Les responsables de l’étude se sont servis de timbres transdermiques diffusant de la nicotine durant 16 h à des doses de 10 ou de 15 mg (NicoretteMD, McNeil, Johnson & Johnson inc. – Helsingborg, Suède), et ils ont également eu recours à des timbres placebos identiques. Les ajustements de dose ont été faits avec un facteur de conversion de 0,1, en fonction des résultats de concentration de cotinine salivaire et d’une estimation a priori que l’apport nicotinique d’une cigarette représente l’équivalent de 1 mg de nicotine.
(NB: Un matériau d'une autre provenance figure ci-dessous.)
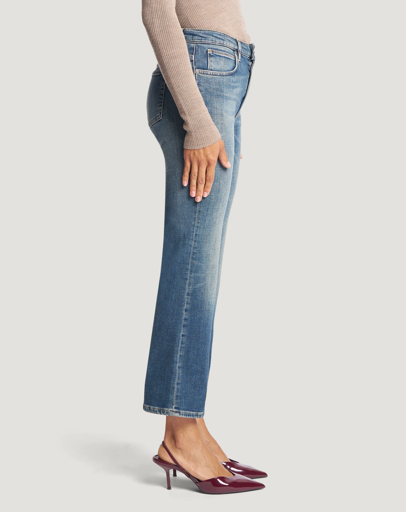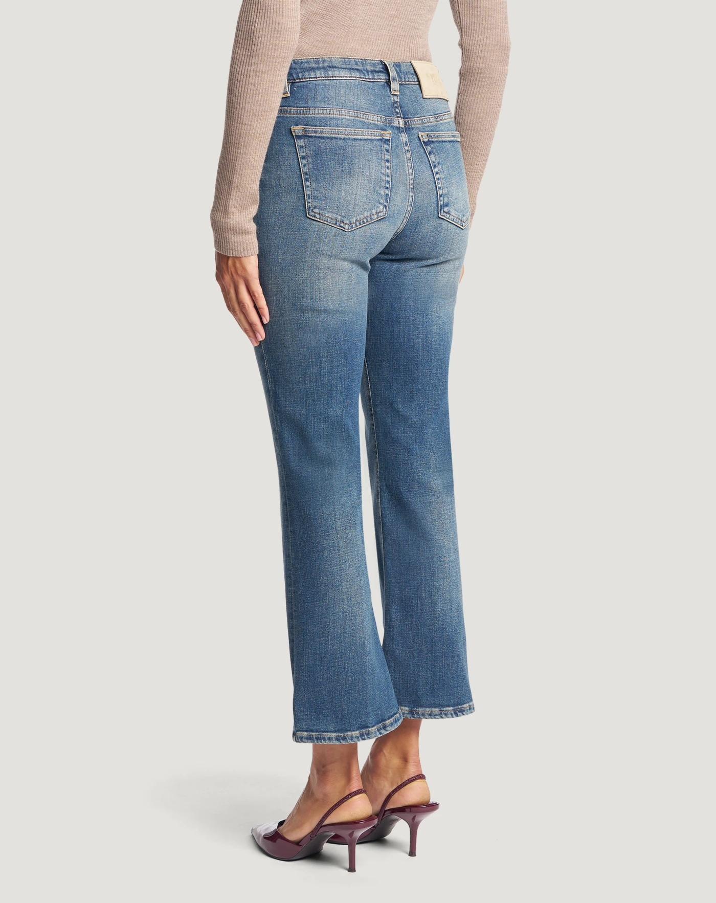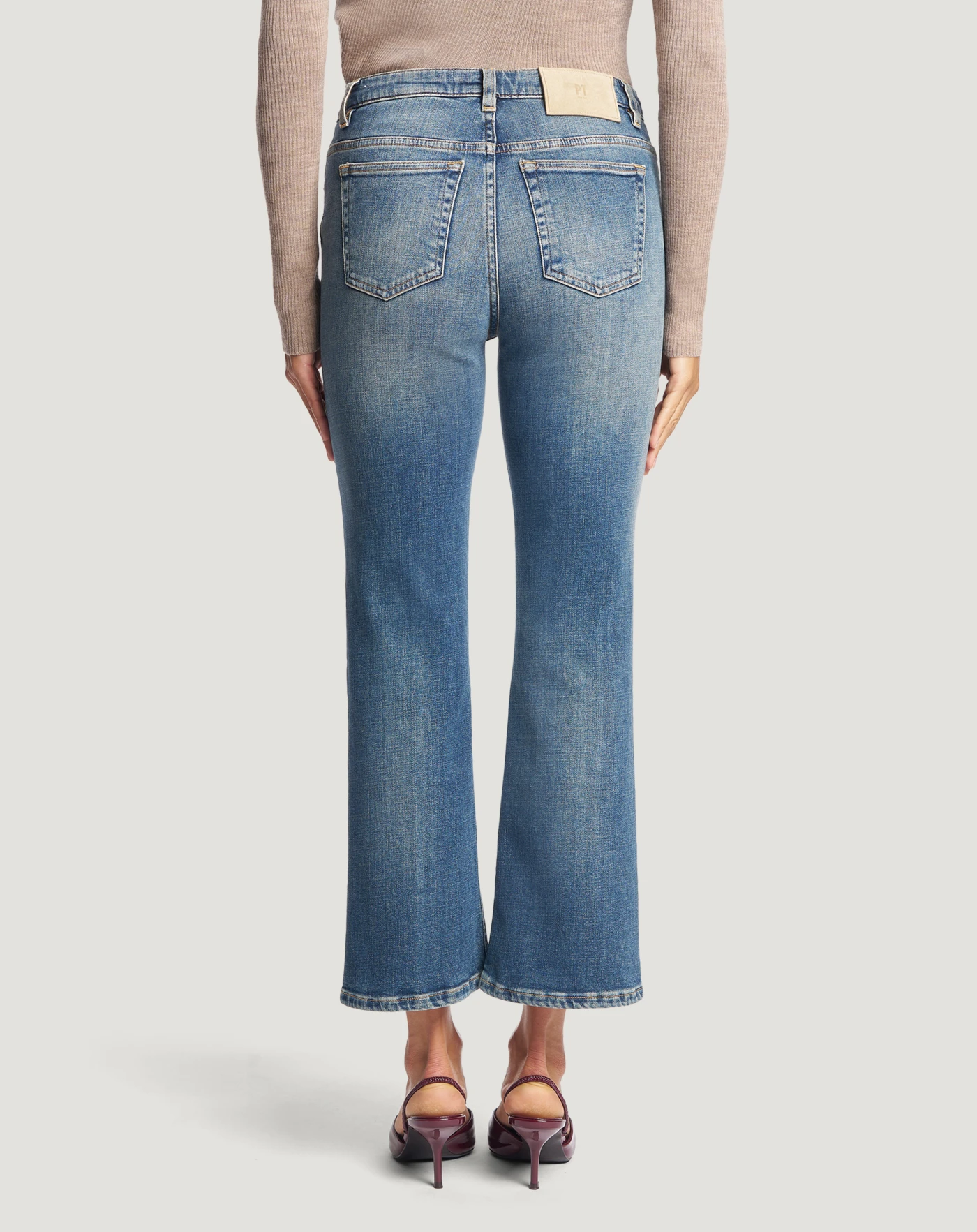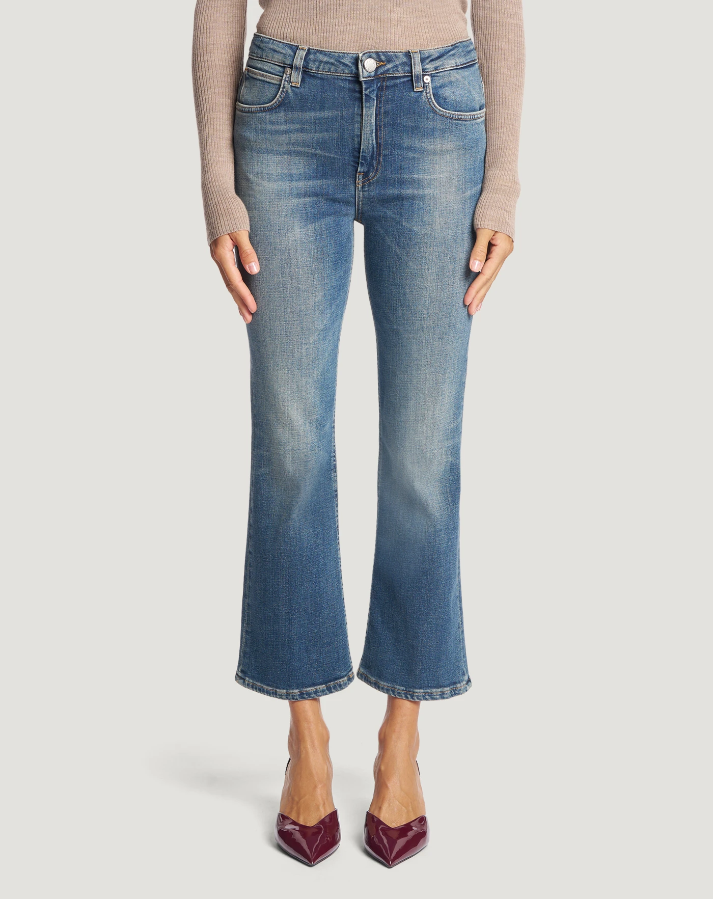 Jeans in denim di cotone stretch con lavaggio caratterizzato da evidenti schiariture che danno una nota di carattere. Con vita regular e linea flare cropped, hanno un design che non passerà inosservato nei tuoi look daily.

Lors des analyses statistiques réalisées a priori, les chercheurs ont eu recours à l’hypothèse nulle selon laquelle les agents de soutien à la cessation tabagique ne faisaient pas de différence dans le taux d’abstinence tabagique. Avec des taux d’abstinence spontanée de 65 à 81 %, un nombre de 219 patientes dans chacun des groupes était nécessaire pour détecter une différence de 10 % dans la consommation de nicotine des deux groupes et de 100 g dans les poids moyens des nouveau-nés de ces mêmes groupes avec un coefficient alpha de 0,05 et une puissance de 80 %. Le recrutement a été interrompu après la randomisation de 403 patientes compte tenu des délais imposés par l’organisme subventionnaire. 

Résultats

Berlin et collab. ont évalué 476 fumeuses enceintes pour la randomisation, et 76 ont été exclues pour diverses raisons (dont 53 femmes qui ont retiré leur consentement). En tout, 203 femmes ont été randomisées afin de recevoir un timbre de nicotine et 199 afin de recevoir un timbre transdermique placebo. Le taux de non-observance et de retrait de l’étude était élevé (environ 50 %) dans les deux groupes de l’étude. Quant aux caractéristiques de base, elles étaient similaires dans les deux groupes de même que la dose quotidienne moyenne de nicotine prescrite (18 mg de nicotine dans le groupe employant le timbre de nicotine comparativement à 19,2 mg dans le groupe employant le timbre placebo, p = 0,11). Quant à la durée médiane de prescription, elle était significativement plus longue pour le groupe employant le timbre de nicotine (105 jours contre 70 jours pour le groupe employant le timbre placebo, p = 0,03). Par ailleurs, les femmes faisant partie du groupe traité à l’aide du timbre de nicotine avaient des concentrations significativement plus élevées de cotinine dans leur salive que les femmes faisant partie du groupe traité à l’aide du placebo. Les concentrations salivaires moyennes de cotinine du groupe de participantes ayant recours au timbre de nicotine étaient de 119 mcg/L avec un tabagisme concomitant, de 108 mcg/L après 2 semaines de cessation tabagique et de 80 mcg/L 8 semaines après l’abandon du tabac. Ces valeurs étaient respectivement de 127 mcg/L, de 67 mcg/L et de 63 mcg/L (groupement par interaction de temps p < 0,001) dans le groupe de participantes ayant recours au timbre placebo.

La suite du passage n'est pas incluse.